** REQUIRED WORK **
Look through the records below for the line with "White Dinner Plates". Return that line and each one after it up to and including the line with "出三张小龙钞pmg68分英文首期朦胧号,号码见下图。3450元/张包顺风。", exactly.

══ PROVIDED MATERIAL

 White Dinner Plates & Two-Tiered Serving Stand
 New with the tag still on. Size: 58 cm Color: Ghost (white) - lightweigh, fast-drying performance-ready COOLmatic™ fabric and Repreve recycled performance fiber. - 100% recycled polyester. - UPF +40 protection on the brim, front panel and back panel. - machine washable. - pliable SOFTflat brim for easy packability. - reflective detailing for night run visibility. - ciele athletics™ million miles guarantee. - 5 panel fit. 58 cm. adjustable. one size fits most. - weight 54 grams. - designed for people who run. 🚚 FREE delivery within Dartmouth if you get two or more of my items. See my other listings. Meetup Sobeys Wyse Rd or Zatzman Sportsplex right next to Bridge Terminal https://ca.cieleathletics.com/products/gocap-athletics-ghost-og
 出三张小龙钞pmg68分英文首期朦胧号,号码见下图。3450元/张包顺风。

════
══ PROVIDED MATERIAL

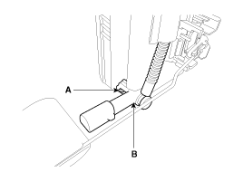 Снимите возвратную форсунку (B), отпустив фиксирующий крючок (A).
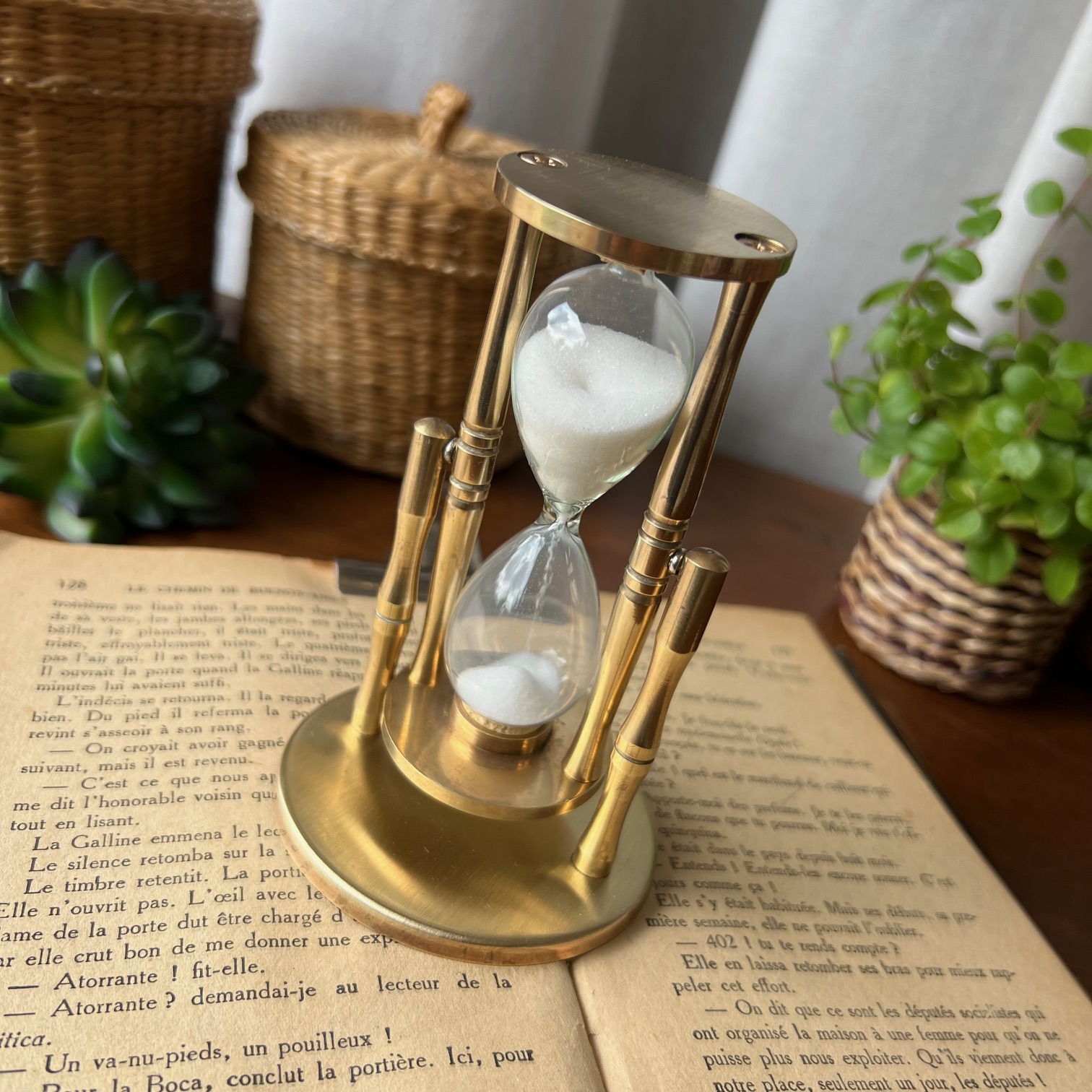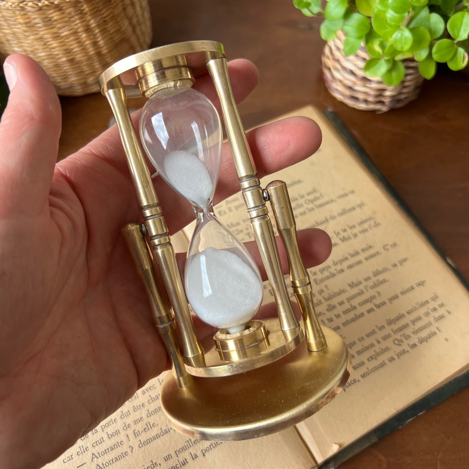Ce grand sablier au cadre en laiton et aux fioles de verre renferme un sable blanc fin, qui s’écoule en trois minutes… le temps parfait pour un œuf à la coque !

════

** FINISHED EXERCISE **
 White Dinner Plates & Two-Tiered Serving Stand
 New with the tag still on. Size: 58 cm Color: Ghost (white) - lightweigh, fast-drying performance-ready COOLmatic™ fabric and Repreve recycled performance fiber. - 100% recycled polyester. - UPF +40 protection on the brim, front panel and back panel. - machine washable. - pliable SOFTflat brim for easy packability. - reflective detailing for night run visibility. - ciele athletics™ million miles guarantee. - 5 panel fit. 58 cm. adjustable. one size fits most. - weight 54 grams. - designed for people who run. 🚚 FREE delivery within Dartmouth if you get two or more of my items. See my other listings. Meetup Sobeys Wyse Rd or Zatzman Sportsplex right next to Bridge Terminal https://ca.cieleathletics.com/products/gocap-athletics-ghost-og
 出三张小龙钞pmg68分英文首期朦胧号,号码见下图。3450元/张包顺风。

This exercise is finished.